Information supplied:
-- Opening Marker --

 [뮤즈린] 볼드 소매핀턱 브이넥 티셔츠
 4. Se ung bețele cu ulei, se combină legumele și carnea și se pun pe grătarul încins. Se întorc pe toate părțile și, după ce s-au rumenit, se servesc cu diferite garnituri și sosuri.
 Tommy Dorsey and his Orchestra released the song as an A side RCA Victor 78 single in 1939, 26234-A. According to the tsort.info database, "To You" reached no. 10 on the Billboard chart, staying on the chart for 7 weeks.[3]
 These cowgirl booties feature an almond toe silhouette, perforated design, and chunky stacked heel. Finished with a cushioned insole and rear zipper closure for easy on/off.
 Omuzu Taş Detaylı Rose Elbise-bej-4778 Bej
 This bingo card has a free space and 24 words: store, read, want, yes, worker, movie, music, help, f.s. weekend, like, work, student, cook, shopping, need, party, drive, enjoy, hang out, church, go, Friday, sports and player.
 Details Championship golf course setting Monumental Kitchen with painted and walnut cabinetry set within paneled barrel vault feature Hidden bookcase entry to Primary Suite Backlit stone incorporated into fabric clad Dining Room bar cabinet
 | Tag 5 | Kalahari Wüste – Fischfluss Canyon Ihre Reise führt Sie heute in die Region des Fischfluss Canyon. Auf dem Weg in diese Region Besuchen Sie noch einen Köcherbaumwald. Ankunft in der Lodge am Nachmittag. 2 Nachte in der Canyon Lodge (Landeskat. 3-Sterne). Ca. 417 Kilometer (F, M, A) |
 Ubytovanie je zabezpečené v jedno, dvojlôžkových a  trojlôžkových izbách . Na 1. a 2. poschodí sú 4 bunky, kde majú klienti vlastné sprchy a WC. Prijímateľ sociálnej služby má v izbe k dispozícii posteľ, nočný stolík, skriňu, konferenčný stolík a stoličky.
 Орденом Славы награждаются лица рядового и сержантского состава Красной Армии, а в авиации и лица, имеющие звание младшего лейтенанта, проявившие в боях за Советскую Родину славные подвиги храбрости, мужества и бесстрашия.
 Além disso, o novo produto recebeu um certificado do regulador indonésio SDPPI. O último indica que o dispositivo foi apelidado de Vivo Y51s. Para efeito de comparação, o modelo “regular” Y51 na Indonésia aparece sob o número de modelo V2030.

-- Closing Marker --

Exercise instructions:
Only the final stretch of the entries above is needed: print exactly the lines from the line containing "Details Championship golf" through the last one.

Task response:
 Details Championship golf course setting Monumental Kitchen with painted and walnut cabinetry set within paneled barrel vault feature Hidden bookcase entry to Primary Suite Backlit stone incorporated into fabric clad Dining Room bar cabinet
 | Tag 5 | Kalahari Wüste – Fischfluss Canyon Ihre Reise führt Sie heute in die Region des Fischfluss Canyon. Auf dem Weg in diese Region Besuchen Sie noch einen Köcherbaumwald. Ankunft in der Lodge am Nachmittag. 2 Nachte in der Canyon Lodge (Landeskat. 3-Sterne). Ca. 417 Kilometer (F, M, A) |
 Ubytovanie je zabezpečené v jedno, dvojlôžkových a  trojlôžkových izbách . Na 1. a 2. poschodí sú 4 bunky, kde majú klienti vlastné sprchy a WC. Prijímateľ sociálnej služby má v izbe k dispozícii posteľ, nočný stolík, skriňu, konferenčný stolík a stoličky.
 Орденом Славы награждаются лица рядового и сержантского состава Красной Армии, а в авиации и лица, имеющие звание младшего лейтенанта, проявившие в боях за Советскую Родину славные подвиги храбрости, мужества и бесстрашия.
 Além disso, o novo produto recebeu um certificado do regulador indonésio SDPPI. O último indica que o dispositivo foi apelidado de Vivo Y51s. Para efeito de comparação, o modelo “regular” Y51 na Indonésia aparece sob o número de modelo V2030.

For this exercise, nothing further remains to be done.